**Exercise instructions**. Your copy must hold all of the data below, unchanged and without images.

(Items from a data source)
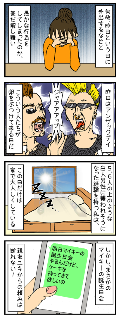 夫婦の一番長い日 その1 この物語の始まりはこちら!さて、2015年4月25日のお話をしようと思う。ちなみに、これを描いたのは昨日。まだ心の傷跡の深い日。ユキも恐ろしい目にあっているというのに、これが愛なのか…!!ちなみに、何故ANZAC Day=第一次世界大戦のガリポリの戦いで勇敢に戦ったオース ... 2015年04月27日 続きを読む
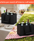 Scegli il Set 3 Borse Porta Bottiglie con 6 Scomparti e trasporta le tue bevande preferite in modo ordinato, sicuro e con un tocco di eleganza.
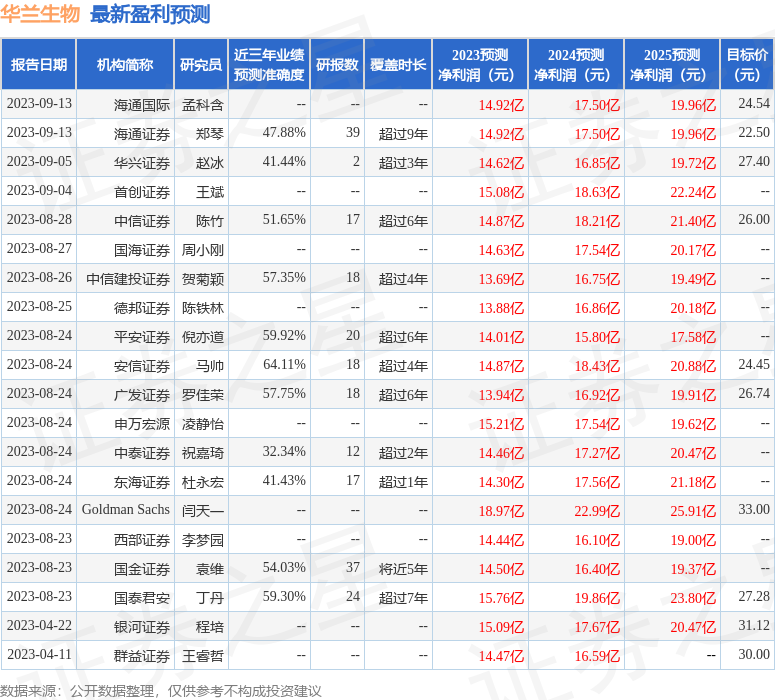 最新盈利预测明细如下:
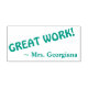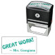 Este motivador diseño de sellos de goma incluye el inspirador mensaje "¡GRAN TRABAJO!" y el nombre de un educador personalizado. Podría ser utilizado por un profesor, educador o tutor al marcar las asignaciones, para reconocer que un estudiante ha tenido un buen desempeño.
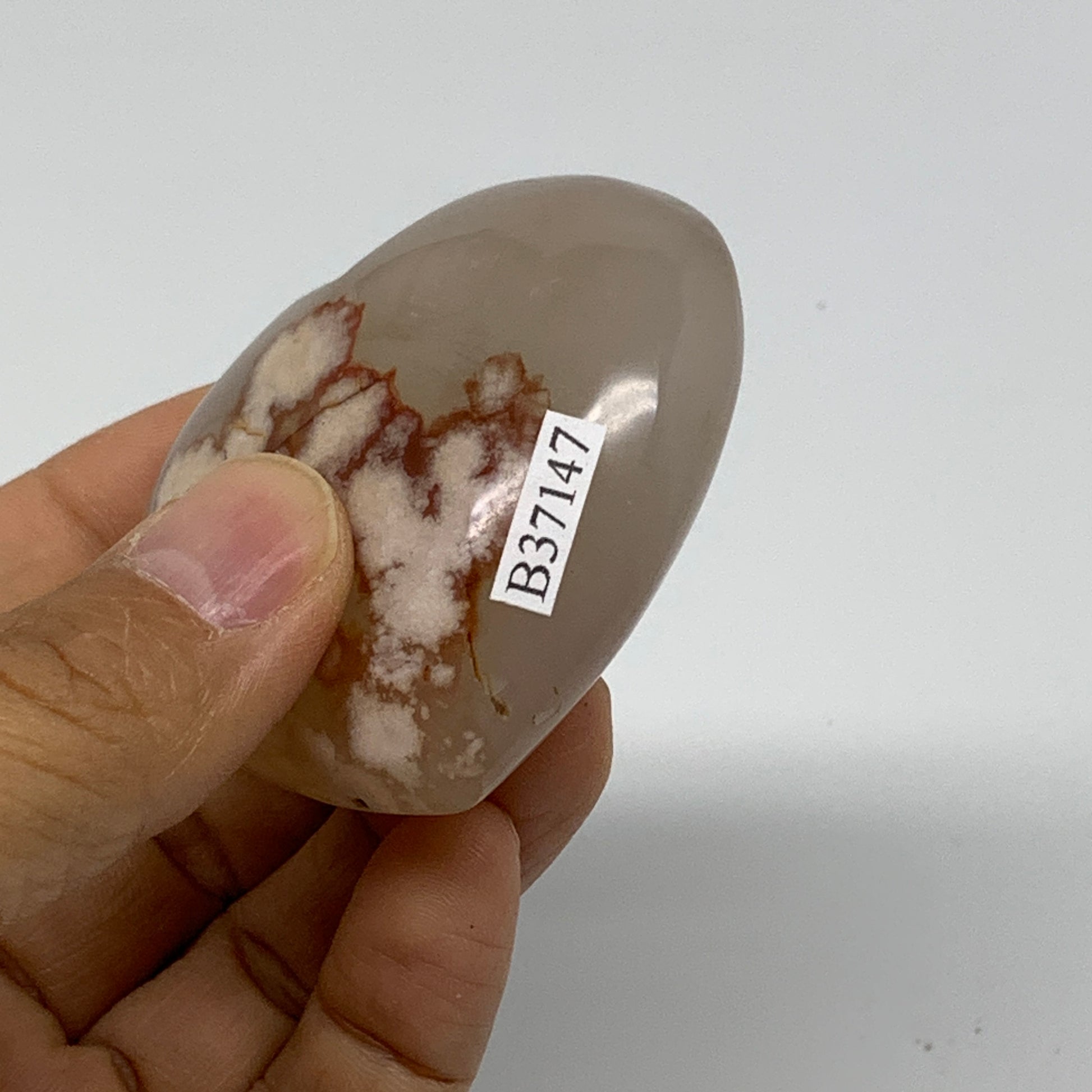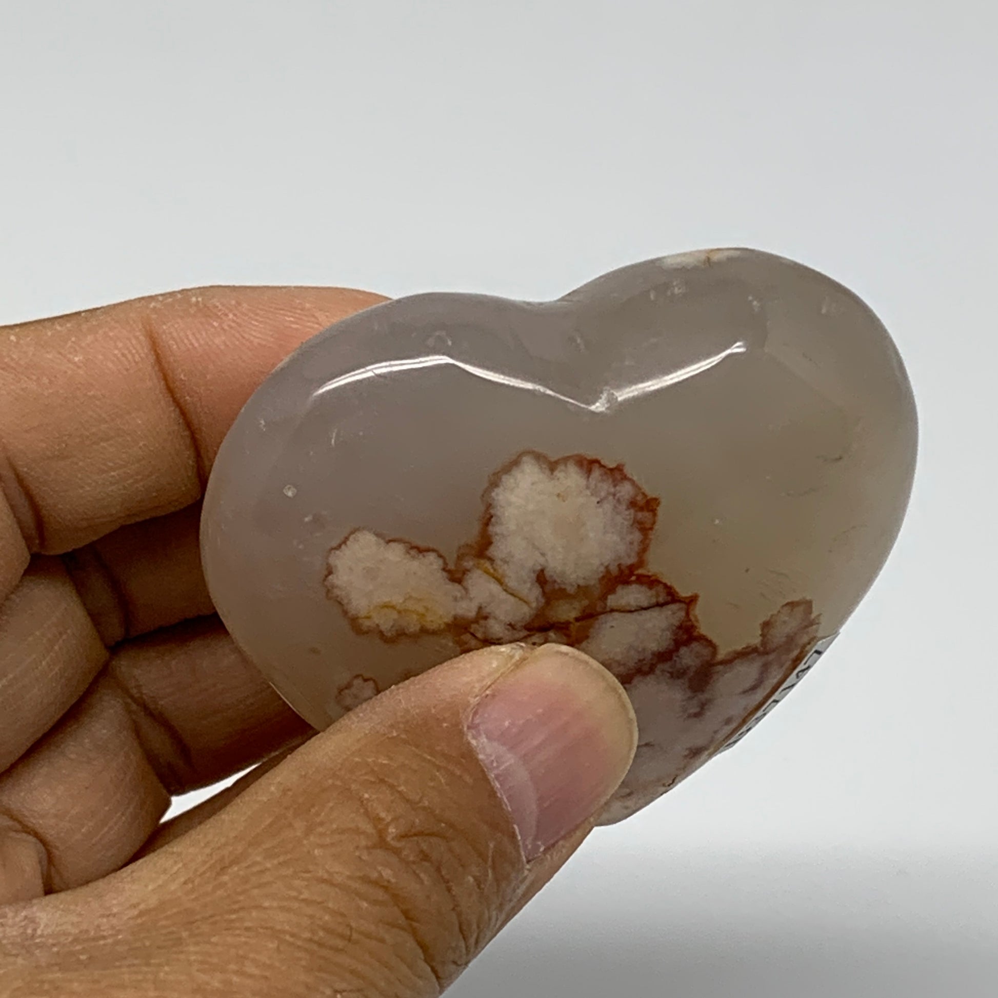 0.23 lbs, 2.1"x2.3"x1", Cherry Blossom Flower Agate Heart Crystal, B37147

**Solution to this problem**.
 夫婦の一番長い日 その1 この物語の始まりはこちら!さて、2015年4月25日のお話をしようと思う。ちなみに、これを描いたのは昨日。まだ心の傷跡の深い日。ユキも恐ろしい目にあっているというのに、これが愛なのか…!!ちなみに、何故ANZAC Day=第一次世界大戦のガリポリの戦いで勇敢に戦ったオース ... 2015年04月27日 続きを読む
 Scegli il Set 3 Borse Porta Bottiglie con 6 Scomparti e trasporta le tue bevande preferite in modo ordinato, sicuro e con un tocco di eleganza.
 最新盈利预测明细如下:
 Este motivador diseño de sellos de goma incluye el inspirador mensaje "¡GRAN TRABAJO!" y el nombre de un educador personalizado. Podría ser utilizado por un profesor, educador o tutor al marcar las asignaciones, para reconocer que un estudiante ha tenido un buen desempeño.
 0.23 lbs, 2.1"x2.3"x1", Cherry Blossom Flower Agate Heart Crystal, B37147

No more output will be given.